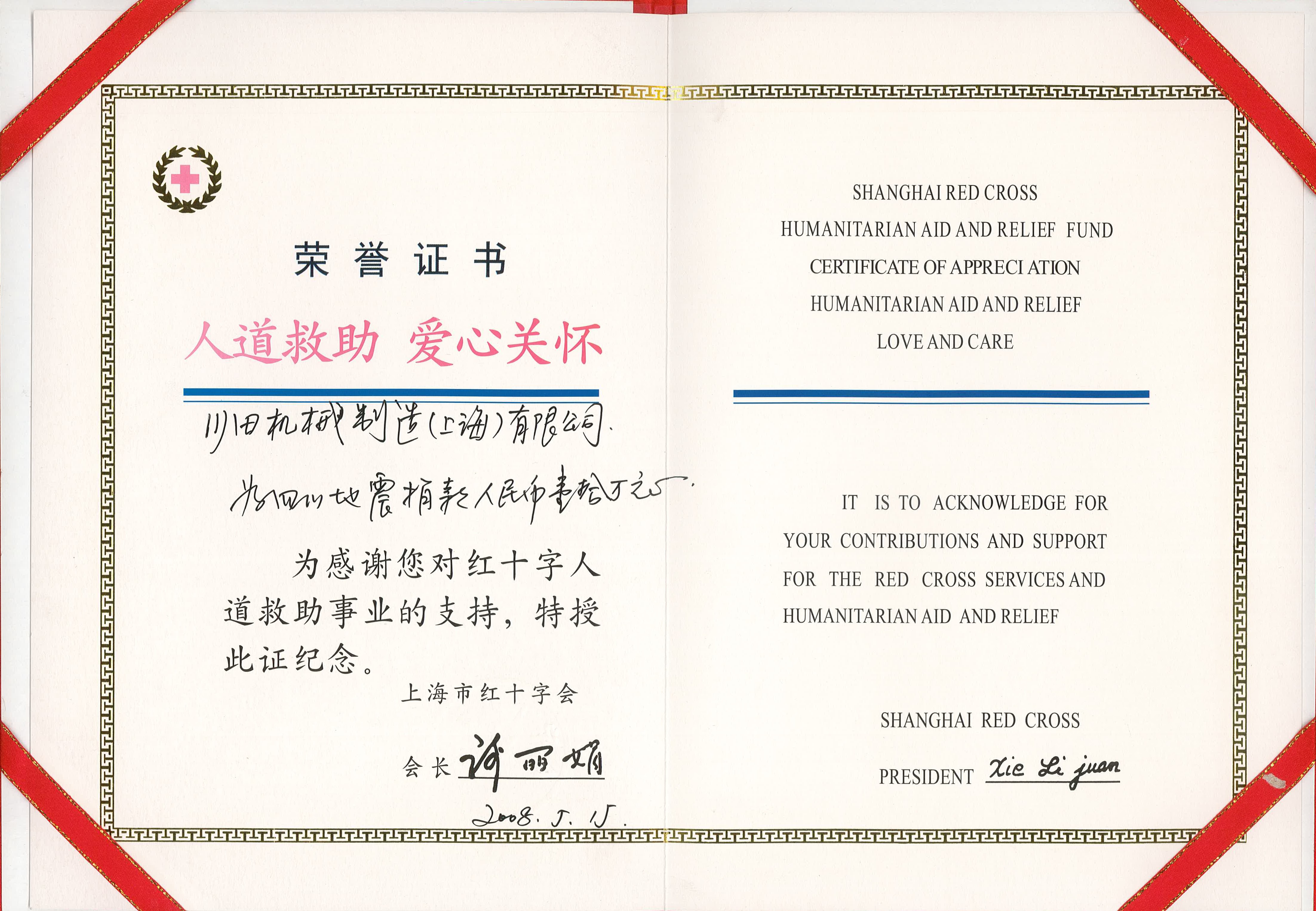 2008年度上海市赤十字栄譽(yù)証書-川田機(jī)械
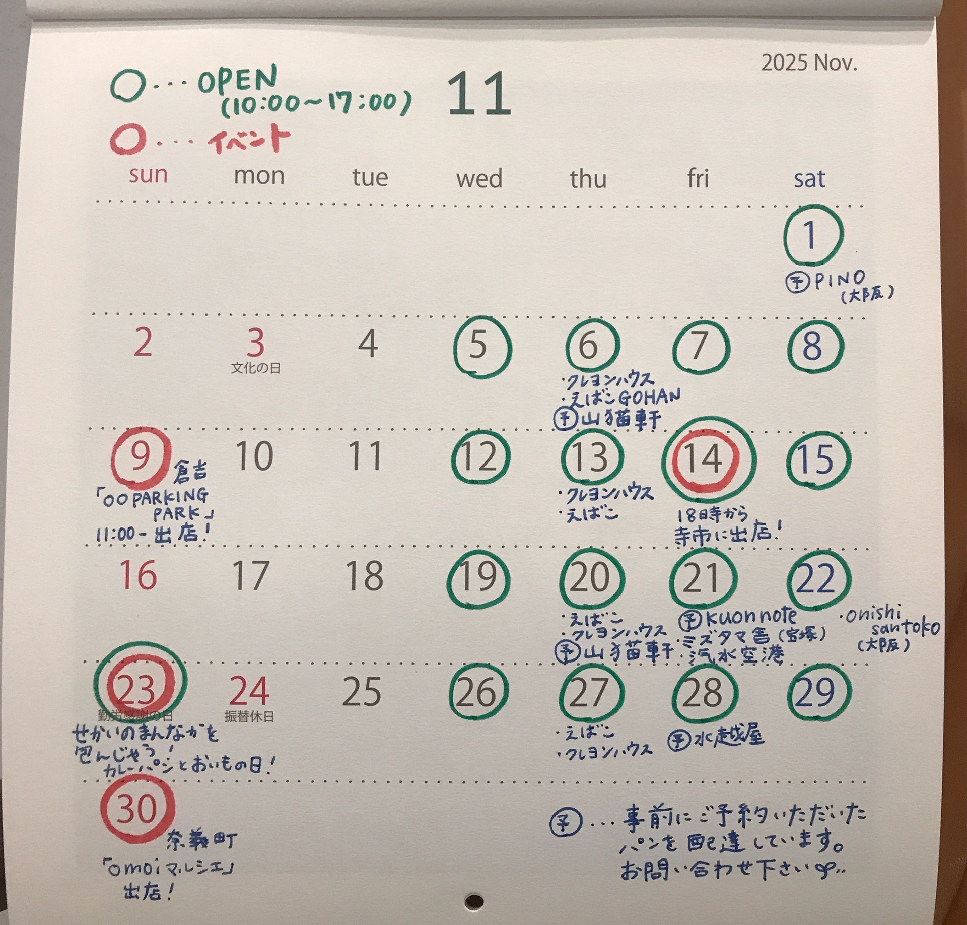 カレンダーの赤まるは、通常営業です。(^^) 日付の下に記しているのは、そこで楽童パンを販売していただけるお店です。事前にご予約をされた分のみ販売のお店もございますので、お問い合わせください。♪♪
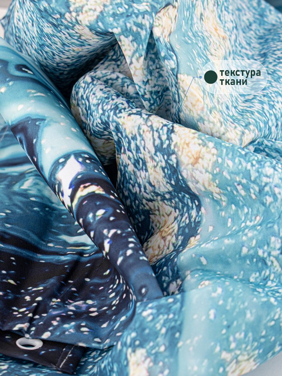 Красиво декорированная шторка в ванную и душевую комнаты с рисунком, защищающая пол и оборудование ванной комнаты от брызг воды, изготовлена из полиэстера и обладает выраженными водоотталкивающими свойствами. Занавеска для ванной имеет в верхней части 12 отверстей обработанных на оверлоке. Декоративный рисунок нанесен на поверхность ткани при помощи фотопечати. Такие принты не боятся влаги и не смываются даже очень горячей водой. Водоотталкивающие шторы для ванной, пошитые из ткани плотностью 80 г/м2, не придется дополнительно утяжелять - они расправятся под своим весом и не будут липнуть к телу принимающего душ человека. При заказе данных изделий следует учесть, что яркость и оттенок рисунка на ткани могут несколько отличаться от изображения на экране монитора, а также допустимо отклонение в размерах полотна в пределах 5 см. Габаритные размеры: ширина 180 см, высота 180 см. Вес - 0,450 кг, объём - 0,00166 м3.

TASK TO CARRY OUT
Leave out any pictures, please, and quote only the lines from the top of the data through the line that contains "カレンダーの赤まるは、通常営".

EXERCISE SOLUTION
 2008年度上海市赤十字栄譽(yù)証書-川田機(jī)械
 カレンダーの赤まるは、通常営業です。(^^) 日付の下に記しているのは、そこで楽童パンを販売していただけるお店です。事前にご予約をされた分のみ販売のお店もございますので、お問い合わせください。♪♪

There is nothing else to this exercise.